Undo changes to modules-full.cpp test

dexonsmith requested changes to this revision.May 14 2021, 11:54 AM

The code looks mostly good; some inline comments.

I think it'd be useful to have direct tests for "detecting used search paths". That might be a nice thing to separate out and test independently. E.g., you could add a remark, -Rused-search-path, which printed a diagnostic the first time any given search path is used in a TU.

It'd also be really nice to be able to dump this info from the .pcm file. I guess it'd be outside the scope of this patch, but I really think there should be a clang-pcm-analyzer where we can put functionality like that. Somewhat useful for more fine-grained testing; super useful as a tool for debugging.

clang/include/clang/Lex/HeaderSearch.h
295 ↗(On Diff #345412)

I think the word "get" here is a bit misleading, since this isn't a simple accessor, it's a potentially expensive computation.

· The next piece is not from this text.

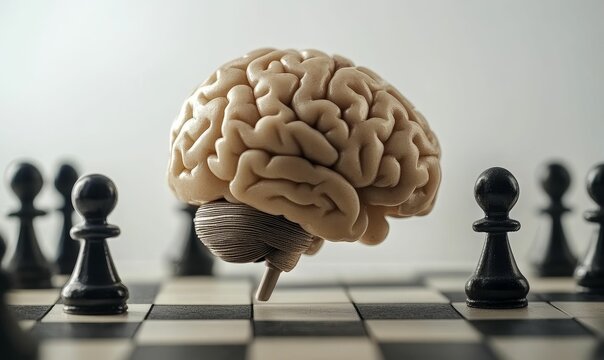 Chess grandmaster analyzing a board, strategic thinking and intellectual focus

I suggest "compute", unless it's changed to be computed on-the-fly.

I wonder, would llvm::BitVector be more appropriate here, since we expect it to count from 0 and be relatively dense?

clang/lib/Serialization/ASTReader.cpp
4763–4771

If this were stored as a blob it could be lazily parsed; WDYT?

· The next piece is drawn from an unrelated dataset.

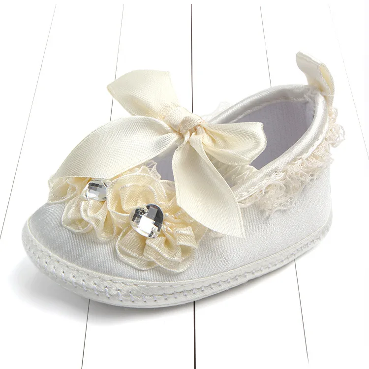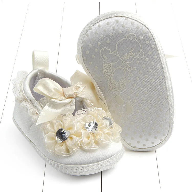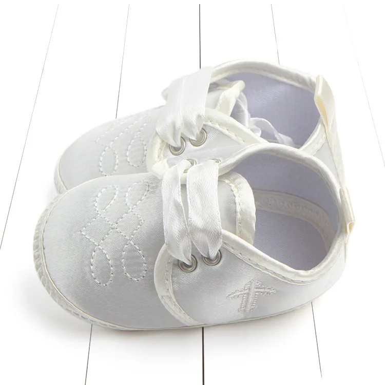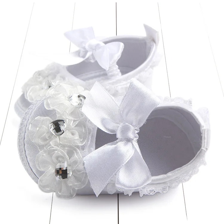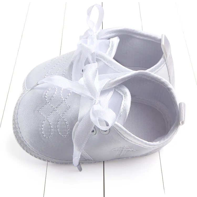 Обувь для крещения новорожденных; белая кружевная обувь с цветочным узором для маленьких девочек; нескользящая обувь для малышей; простая и Крестильная детская обувь

Alternatively, it might be more compact if stored as a bit vector, storing 64-bits positions per element of the record.

This revision now requires changes to proceed.May 14 2021, 11:54 AM

Use, serialize and deserialize llvm::BitVector instead of std::set.

jansvoboda11 planned changes to this revision.May 17 2021, 6:52 AM

I think it'd be useful to have direct tests for "detecting used search paths". That might be a nice thing to separate out and test independently. E.g., you could add a remark, -Rused-search-path, which printed a diagnostic the first time any given search path is used in a TU.

Good idea, I'll look into that.

It'd also be really nice to be able to dump this info from the .pcm file. I guess it'd be outside the scope of this patch, but I really think there should be a clang-pcm-analyzer where we can put functionality like that. Somewhat useful for more fine-grained testing; super useful as a tool for debugging.

Agreed, it's in my todo list.

clang/lib/Serialization/ASTReader.cpp
4763–4771

I'll look into making this lazy.

Make PCM parsing lazier

jansvoboda11 planned changes to this revision.May 17 2021, 10:14 AM

Fix test on Windows

jansvoboda11 planned changes to this revision.May 19 2021, 7:22 AM

Split out extra patch

jansvoboda11 marked an inline comment as done.May 21 2021, 8:33 AM

This is now ready for review.

clang/test/ClangScanDeps/Inputs/header-search-pruning/cdb.json
5

The extra numerical include directories here force AST{Writer,Reader} to work with multi-byte blob, providing extra test coverage.

clang/test/ClangScanDeps/header-search-pruning.cpp
28

The being and end include directories here are sentinels that make it easier to make positive/negative occurrence checks with -NEXT.

jansvoboda11 edited the summary of this revision. (Show Details)May 21 2021, 8:51 AM
jansvoboda11 added inline comments.Jun 2 2021, 5:13 AM
clang/tools/clang-scan-deps/ClangScanDeps.cpp
361

This change will be reverted in favor of D103516.

jansvoboda11 planned changes to this revision.Jul 26 2021, 4:54 AM

After speaking with @dexonsmith, the laziness is probably not necessary when dealing with a short bit vector. I'll also explore using llvm::BitVector instead of std::vector<bool>.

Rebase, switch from std::vector<bool> to llvm::BitVector, load the bit vector eagerly.

dexonsmith accepted this revision.Oct 8 2021, 1:25 PM

LGTM, thanks!

This revision is now accepted and ready to land.Oct 8 2021, 1:25 PM
This revision was automatically updated to reflect the committed changes.